Collected data:
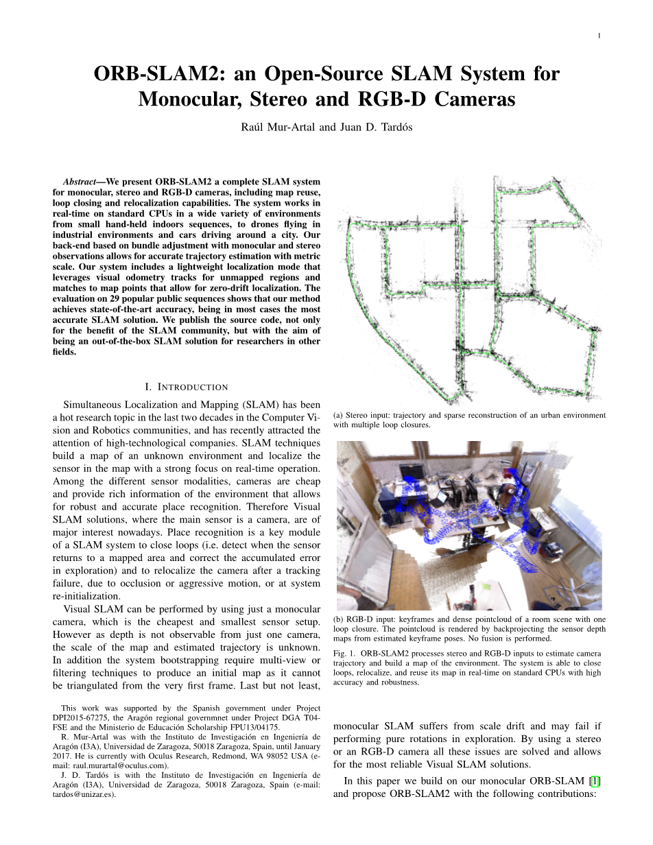 图一展示了ORB-SLAM2来自立体相机的输出和来自深度相机的输入。立体相机的例子展示了来自KITTI数据集00序列的最终轨迹和稀疏重建。这是一个城市序列,这个序列里有能被ORB-SLAM2成功探测到的多个回路差。深度相机的例子显示了来自TUM RGB-D数据集fr1_room序列的关键帧姿态估计,以及通过来自估计关键帧姿态向后投影传感器深度地图提出的一个密集点云。注意,我们的SLAM不像任何类似KinectFusion的融合物,但是好的定义显示出关键帧姿态的精确性。更多的例子在附加的视频中。
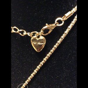 from a 24" golden snake chain, with a 2" extender and a lobster claw clasp.
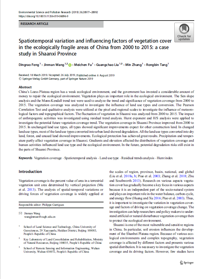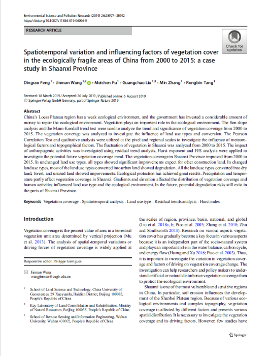 Response of?erosion sensitivity to?land use change in?populated areas: a?case study of?the?middle and?lower reaches of?Yangtze River |
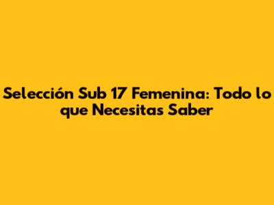 Selección Sub 17 Femenina: Todo Lo Que Necesitas Saber
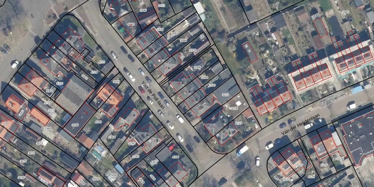 Gebruik de zoekbalk of klik op een perceel voor informatie over de adressen binnen dit perceel.
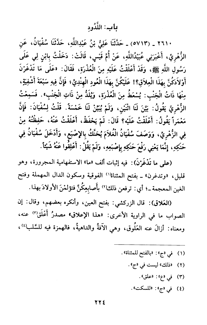 2610 - (5713) - حَدَّثَنَا عَلِيُّ بْنُ عَبْدِ اللَّهِ، حَدَّثَنَا سُفْيَانُ، عَنِ الزُّهْرِيِّ، أَخْبَرَنِي عُبَيْدُ اللَّهِ، عَنْ أُمِّ قَيْسٍ، قَالَتْ: دَخَلْتُ بِابْنٍ لِي عَلَى رَسُولِ اللَّهِ - صلى الله عليه وسلم -، وَقَدْ أَعْلَقْتُ عَلَيْهِ مِنَ الْعُذْرَةِ، فَقَالَ: "عَلَى مَا تَدْغَرْنَ أَوْلاَدَكُنَّ بِهَذَا الْعِلاَقِ؟! عَلَيْكُنَّ بِهَذَا الْعُودِ الْهِنْدِيَّ؛ فَإِنَّ فِيهِ سَبْعَةَ أَشْفِيَةٍ، مِنْهَا ذَاتُ الْجَنْبِ: يُسْعَطُ مِنَ الْعُذْرَةِ، وَيُلَدُّ مِنْ ذَاتِ الْجَنْبِ". فَسَمِعْتُ الزُّهْرِيَّ يَقُولُ: بَيَّنَ لَنَا اثْنَيْنِ، وَلَم يُبَيَّنْ لَنَا خَمْسَةَ. قَلْتُ لِسُفْيَانَ: فَإِنَّ مَعْمَراً يَقُولُ: أَعْلَقْتُ عَلَيْه؟ قَالَ: لَمْ يَحْفَظْ، أَعْلَقْتُ عَنْهُ، حَفِظْتُهُ مِنْ فِي الزُّهْرِيِّ، وَوصفَ سُفْيَانُ الْغُلاَمَ يُحنَّكُ بِالإِصْبَعِ، وَأَدْخَلَ سُفْيَانُ فِي حَنَكِهِ، إِنَّمَا يَعْنِي رَفْعَ حَنَكِهِ بإِصْبَعِهِ، وَلَمْ يَقُلْ: أَعْلِقُوا عَنْهُ شَيْئاً.
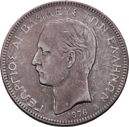 2193. 5 Drachma 1876 A, Paříž, KM.46 (Ag900), 24.488g,

--- WHAT YOU NEED TO DO ---
Copy exactly the lines from the line that contains "Gebruik de zoekbalk" through the last line of the records above, both ends included, but leave out the pictures.

--- TASK RESULT ---
 Gebruik de zoekbalk of klik op een perceel voor informatie over de adressen binnen dit perceel.
 2610 - (5713) - حَدَّثَنَا عَلِيُّ بْنُ عَبْدِ اللَّهِ، حَدَّثَنَا سُفْيَانُ، عَنِ الزُّهْرِيِّ، أَخْبَرَنِي عُبَيْدُ اللَّهِ، عَنْ أُمِّ قَيْسٍ، قَالَتْ: دَخَلْتُ بِابْنٍ لِي عَلَى رَسُولِ اللَّهِ - صلى الله عليه وسلم -، وَقَدْ أَعْلَقْتُ عَلَيْهِ مِنَ الْعُذْرَةِ، فَقَالَ: "عَلَى مَا تَدْغَرْنَ أَوْلاَدَكُنَّ بِهَذَا الْعِلاَقِ؟! عَلَيْكُنَّ بِهَذَا الْعُودِ الْهِنْدِيَّ؛ فَإِنَّ فِيهِ سَبْعَةَ أَشْفِيَةٍ، مِنْهَا ذَاتُ الْجَنْبِ: يُسْعَطُ مِنَ الْعُذْرَةِ، وَيُلَدُّ مِنْ ذَاتِ الْجَنْبِ". فَسَمِعْتُ الزُّهْرِيَّ يَقُولُ: بَيَّنَ لَنَا اثْنَيْنِ، وَلَم يُبَيَّنْ لَنَا خَمْسَةَ. قَلْتُ لِسُفْيَانَ: فَإِنَّ مَعْمَراً يَقُولُ: أَعْلَقْتُ عَلَيْه؟ قَالَ: لَمْ يَحْفَظْ، أَعْلَقْتُ عَنْهُ، حَفِظْتُهُ مِنْ فِي الزُّهْرِيِّ، وَوصفَ سُفْيَانُ الْغُلاَمَ يُحنَّكُ بِالإِصْبَعِ، وَأَدْخَلَ سُفْيَانُ فِي حَنَكِهِ، إِنَّمَا يَعْنِي رَفْعَ حَنَكِهِ بإِصْبَعِهِ، وَلَمْ يَقُلْ: أَعْلِقُوا عَنْهُ شَيْئاً.
 2193. 5 Drachma 1876 A, Paříž, KM.46 (Ag900), 24.488g,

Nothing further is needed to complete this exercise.